Triage nurse acts swiftly to detect SARS
Screening prevents exposure in hospital
When the elderly woman walked into the newly designed emergency department (ED) at Saint Joseph’s Hospital in Atlanta, she went directly to the registration desk. A triage nurse greeted her, learned that she had a cough and difficulty breathing, and asked the telltale question: Have you traveled to Asia in the past 10 days?
The answer: Yes. [The Centers for Disease Control and Prevention (CDC) has since added Toronto to that question.]
Suspecting a case of severe acute respiratory syndrome (SARS), the nurse immediately placed a surgical mask on the 83-year-old patient and her daughter, who had accompanied her to the hospital — and on the trip to Hong Kong and China. The woman was taken swiftly to a negative pressure isolation room in the ED.
Because of her quick action, the triage nurse was the only person in the hospital who had unprotected exposure to the patient. And even that exposure was limited, only lasting about 10 minutes.
"I really am proud of how the whole hospital responded," says infection control specialist Janet Keen, RN, MS, CIC, who had posted information in the ED and conducted education.
"There wasn’t anything magical about it," says Robert Capparell, MD, chair of the infection control committee and hospital epidemiologist. "It was something they had been trained to look for."
Once the patient was in isolation, health care workers entering the room wore gowns, gloves, masks, booties, head covers, and eye protection.
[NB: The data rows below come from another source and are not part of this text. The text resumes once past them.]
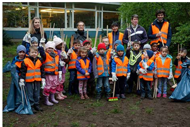
Die engagierte Putztruppe vor der Stadtteilbibliothek

Am Freitag, den 5. Mai 2017 fanden im Rahmen von „Berlin Machen“ zwei Kiezputzaktionen statt. Um 10 Uhr trafen sich Kinder der Humanistischen Kita und der Kita St. Rita auf der Grünfläche vor der Stadtteilbibliothek und machten sich daran, die Wiese sowie die Gebüschse von Unrat freizumachen. Die Kinder waren sehr engagiert und voller Tatendrang und das Ergebnis konnte sich durchaus sehen lassen.
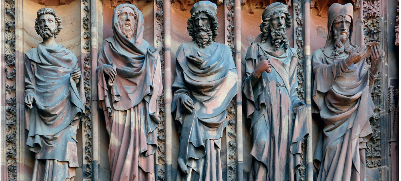
Greta Thunberg in einer Reihe mit den Propheten, hier am Westportal des Straßburger Münsters?
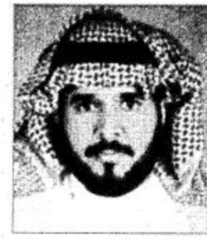
سبیل کل ما یخدم الدین والملک والوطن داعیاً لله عز وجل أن یدیم علینا نعمة الأمن والأمان والعزة والرفعة فی ظل عهدنا الزاهر للطر.

The patient was taken to the intensive care unit. She recovered fully and was discharged after about a week.
The triage nurse took a 10-day leave of absence, the quarantine period for this disease. In this case, the CDC did not recommend quarantine, but the hospital decided to take an extra precaution, says Capparell. "Because it’s new and we don’t know all the ways it’s spread, we felt it was best we take her out of the triage position and have her sit out the incubation period."
The nurse did not develop any symptoms and returned to work. The patient’s daughter also did not develop symptoms.
In addition to the importance of training, this episode demonstrates the value of incorporating infection control into hospital design, notes Keen. For example, the ED uses nonrecirculated air, she says.
Keen also had prepared as soon as she learned of the emergence of SARS. She ordered extra respirators and checked on other supplies. "It had been my experience in the past that we could run out of isolation materials," she says. "I could see that it was spreading rapidly in some areas. I didn’t know if it would spread rapidly in the United States or not, but I wanted to be prepared."
Meanwhile, education about SARS continues to be important to reduce concern among health care workers, says Capparell. "We certainly don’t need the fear factor interfering with anything we do," he says. "Our job is to make sure people are educated and not fearful."